Etymologies, autre modèle d’encyclopédie, n’aborde pas non plus les plantes selon les mêmes

modalités que le De Vegetabilibus ou les encyclopédies du XIIIᵉ siècle. En effet, Isidore de Séville commence par traiter de l’agriculture (chapitres 1 à 5) avant de s’intéresser à la botanique (chapitres 6 à 11). Dans l’organisation des connaissances relatives aux plantes, chaque auteur fait donc des choix qui ne sont pas seulement tributaires des sources qu’il compile.

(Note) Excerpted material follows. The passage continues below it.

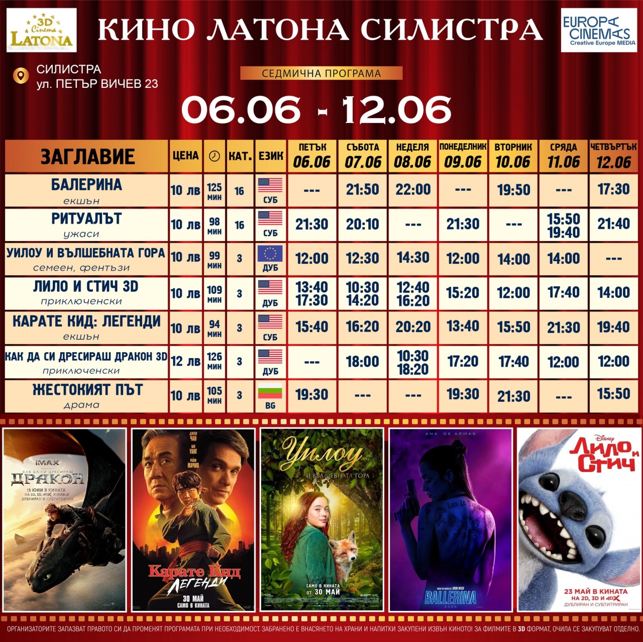 Организаторите напомнят, че внасянето на храни и напитки, закупени извън киното, е забранено. Промени в програмата са възможни при необходимост.
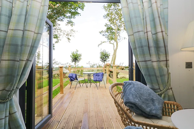 Kick off your shoes and relax in front of the TV for a couple of hours while the woodburning stove gently roars in the background. From here, utilise the kitchenette and whip up a delicious meal for your loved one to enjoy at the dining table over a glass of wine, or perhaps take your meals alfresco and admire the views while out on the decking.

La façon d’organiser le savoir compilé de sources variées permet aux auteurs d’ouvrages de type encyclopédique d’apporter leur contribution. Ils sont souvent motivés par leur volonté d’offrir des ouvrages pratiques et pédagogiques. Mais si des auteurs comme Albert le Grand, Barthélémi l’Anglais ou Vincent de Beauvais sont amenés à aborder différents aspects de la botanique, ils n’établissent pas de liens entre eux. Les descriptions trouvées dans les herbiers ne servent pas aux réflexions générales sur les plantes. De la même façon, les considérations générales ne figurent que très rarement dans les parties consacrées aux espèces particulières. Ainsi, les progrès éventuels dans l’identification des plantes, ainsi que dans leur description, ne semblent-ils pas pouvoir avoir d’effets sur la connaissance de la biologie végétale, fortement dépendante de l’héritage d’Aristote. En effet, Barthélémi l’Anglais, Albert le Grand, Vincent de Beauvais et Thomas de Cantimpré se réfèrent surtout à Nicolas de Damas dans les parties générales de leurs ouvrages consacrées aux plantes.